Método: Estudo experimental em que induziu-se rinossinusite em 20 coelhos, por meio de obliteração temporária com esponja de uma das cavidades nasais. Amostras de tecido sinusal foram submetidas à análise histológica semiquantitativa, após sacrifício dos animais em intervalos regulares.

Resultados: Foram observados sinais de inflamação óssea e mucosa mais intensa no lado de indução, mas também contralateral. Testes estatísticos evidenciaram correlação entre a osteíte de ambos os lados, porém não entre inflamação óssea e mucosa de um mesmo lado, apoiando a  teoria de que a inflamação poderia se disseminar através do tecido ósseo, independente da inflamação mucosa.
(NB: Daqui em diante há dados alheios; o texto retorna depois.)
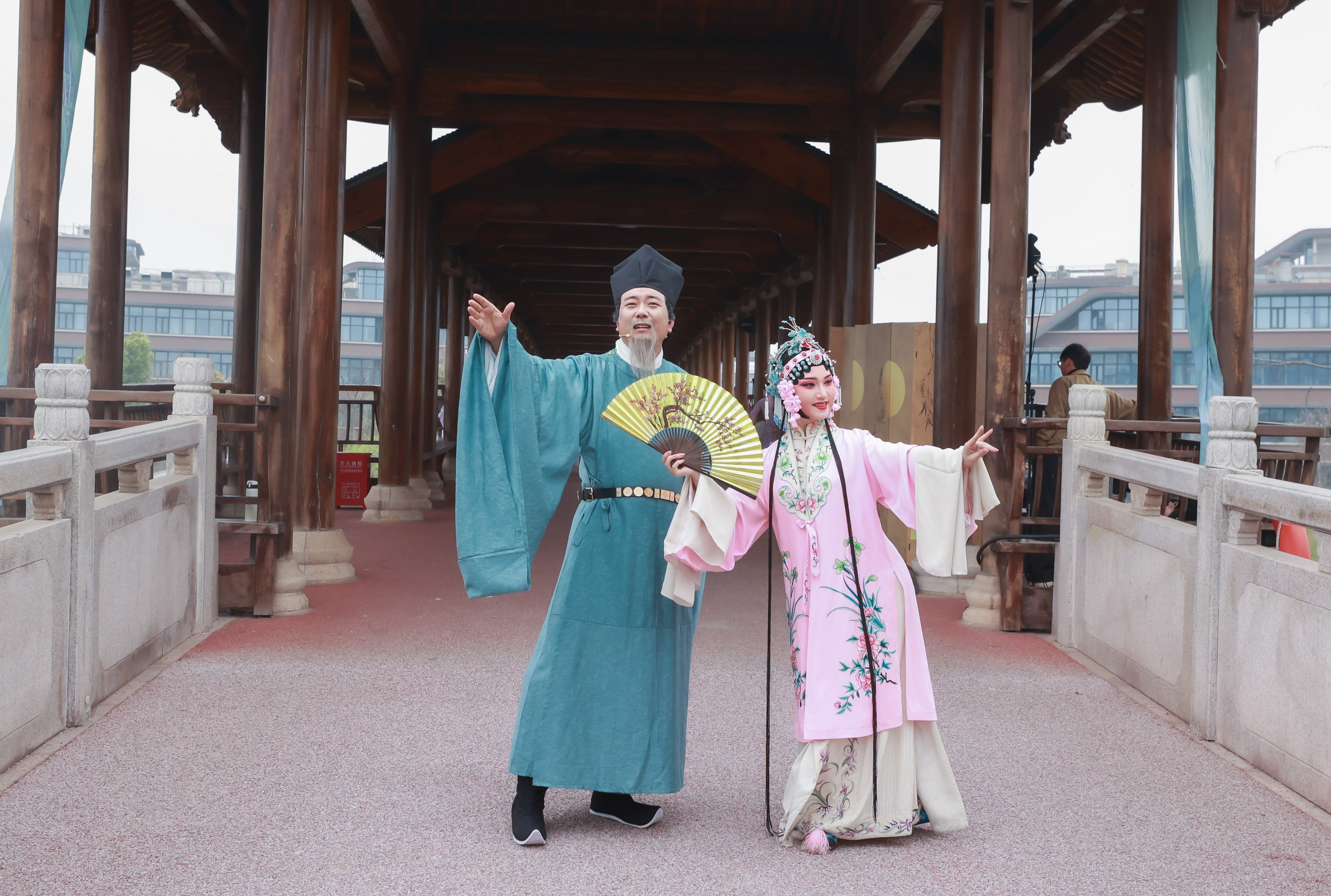 没有固定的舞台,没有隔开的观众席,“廊桥雅集”从一开始就打破了传统演出的边界。塘河码头、廊桥、草坪,被串联成一条完整的观演动线,让艺术不再是遥不可及的舞台符号,而是融入行走生活场景的鲜活体验。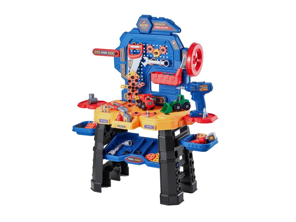 Gyerek munkapad 181 darabos valósághű szerszámokkal és fúróval 3+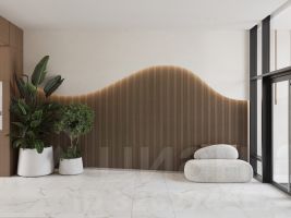 Авторы проекта гармонично совместили в оформлении природные элементы и современный дизайн. Волнообразные очертания на стенах вдохновлены силой ветра и движением воды. Скруглённые углы подчеркивают элегантный силуэт, а контрастная палитра акцентов и контурная подсветка верхних этажей создают выразительный архитектурный образ.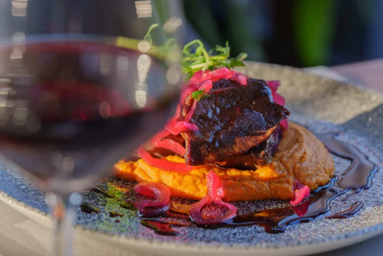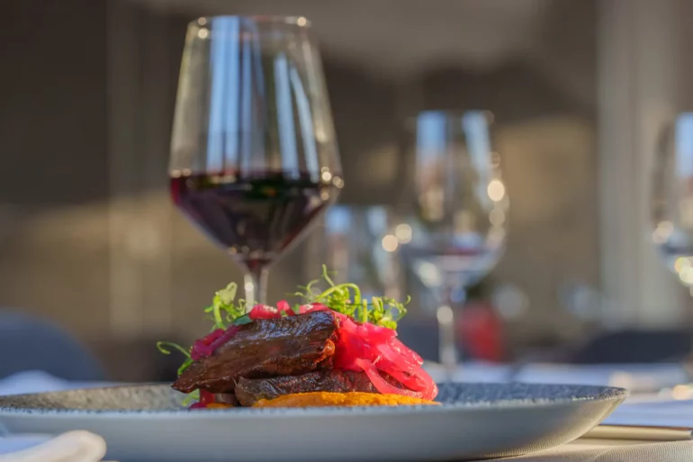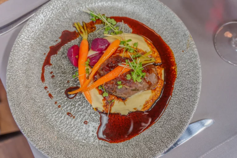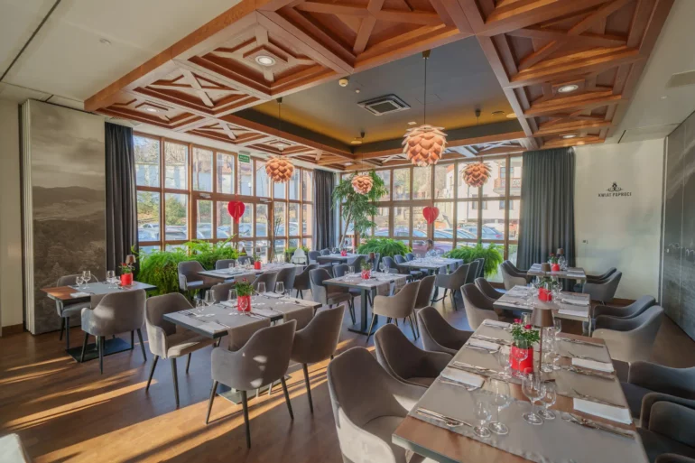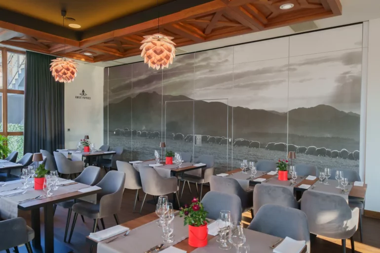 Menu restauracji bazuje na sezonowych, świeżych produktach pochodzących od zaufanych, regionalnych dostawców. Każde danie to kulinarna opowieść o Pieninach – od tradycyjnej kwaśnicy w nowoczesnej odsłonie, przez dania z pstrąga z lokalnych potoków, po desery z wykorzystaniem leśnych owoców. Starannie wyselekcjonowana karta win stanowi doskonałe uzupełnienie serwowanych potraw, a eleganckie wnętrze i profesjonalna obsługa sprawiają, że każda kolacja staje się wyjątkowym wydarzeniem.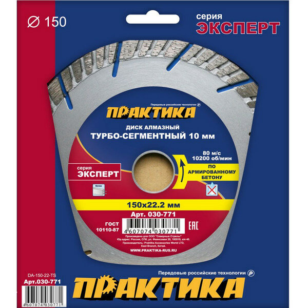 Диск алмазный турбосегментный ПРАКТИКА "Эксперт-бетон" 150 х 22 мм, сегмент 10мм (1 шт.) коробка (150х22мм, 10мм, коробка)
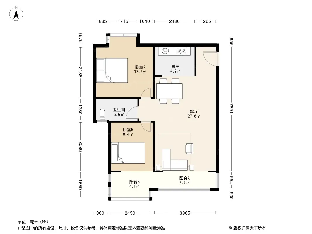 户型齐全,主打明卫,明厨,客厅朝南,双阳台二居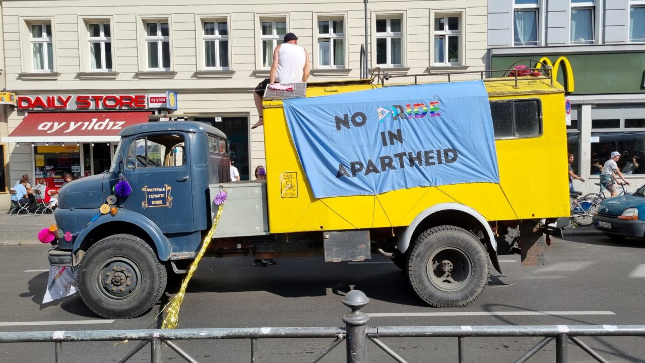 Zu den Unterstützern der Demo gehört das „Demokratische Komitee Palästina“, genauso wie Samidoun – eine Gruppierung die am 2. November in Deutschland endlich verboten wurde – eine Vorfeld- und Unterstützer*innenorganisation der Terrorgruppe PFLP, die für zahlreiche Anschläge in Israel verantwortlich ist. Anhänger von Samidoun hatten nach den Massakern und Vergewaltigungen vom 7. Oktober zur Feier des Tages Süßigkeiten auf der Berliner Sonnenallee verteilt. Finanziert werden die Organisationen, genau wie im übrigen die Hamas auch, vom Iran. Seit der islamischen Revolution 1979 wurden dort über 4000 schwule Männer an Baukränen erhängt. Für Teile der queeren Szene in Berlin offenbar kein Grund, Distanz zu wahren.

Conclusão: O presente estudo evidenciou a existência de osteíte, tanto no lado de indução quanto no contralateral, em modelo experimental em que não ocorre manipulação sinusal.

Palavras-chave:
Sinusite
Osteíte
Modelos animais

Introduction: Several experimental studies have shown osteitis after the onset of sinusitis, supporting the idea that bone involvement could participate in the dissemination and perpetuation of this inflammatory disease. However, procedures commonly performed for the induction of  sinusitis, such as antrostomies, can trigger sinusitis by themselves.

Objective: To evaluate osteitis in an animal model of sinusitis that does not violate the sinus directly and verify whether this is limited to the induction side, or if it affects the contralateral side.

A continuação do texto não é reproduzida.